Lesson Four: The Reality of Combat
The final class of the day was Real Combat Practice—putting it all together.
This was where Dean excelled. Away from the rigid drills, he knew exactly how much mana to use for every situation. He used just enough wind to move and kept his Sky Magic hidden, saving it like a hidden dagger. He was a survivor. Lily, too, used her traps to stretch the battle out, exhausting her opponents until they made a mistake.
Then there was me and Percy.
Despite all my overthinking, once the adrenaline hit, I got carried away. I focused so much on the person in front of me that I stopped analyzing the battlefield. Percy was the same—we were both driven by the heat of the moment, forgetting the strategy Lucious had hammered into us all day.

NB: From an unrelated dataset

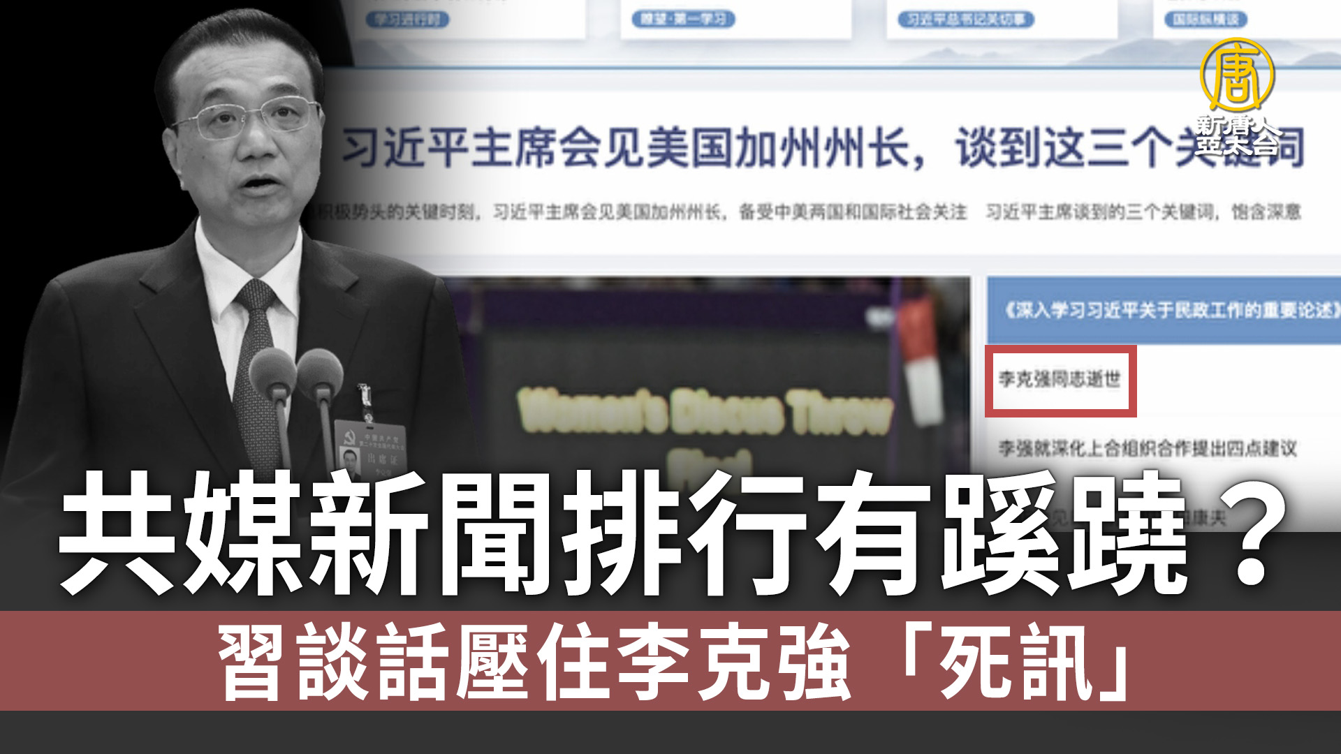 共媒新聞排行有蹊蹺?習談話壓住李克強「死訊」

"You are all geniuses in your own way," Lucious said, signaling the end of the session. "But you are also dangerously lopsided. You must master the skills you hate. If you don't learn them now, the Second Magical War will be a very short, very bloody affair."
The air in the room turned cold at the mention of a "Second War."
"What do you mean, a Second Magical War?" a voice asked from the shadows.
We all turned. Neville was standing by the heavy iron doors.
Lucious didn't look surprised. "When did you get here, Neville?"
"Just now," Neville said, his face uncharacteristically serious. "But I think we need to talk about that war. Now."
Lucious sighed, the weight of the world seemingly settling on his shoulders. "Everyone else, dismissed. Neville... come to my cabin. We have a lot to discuss."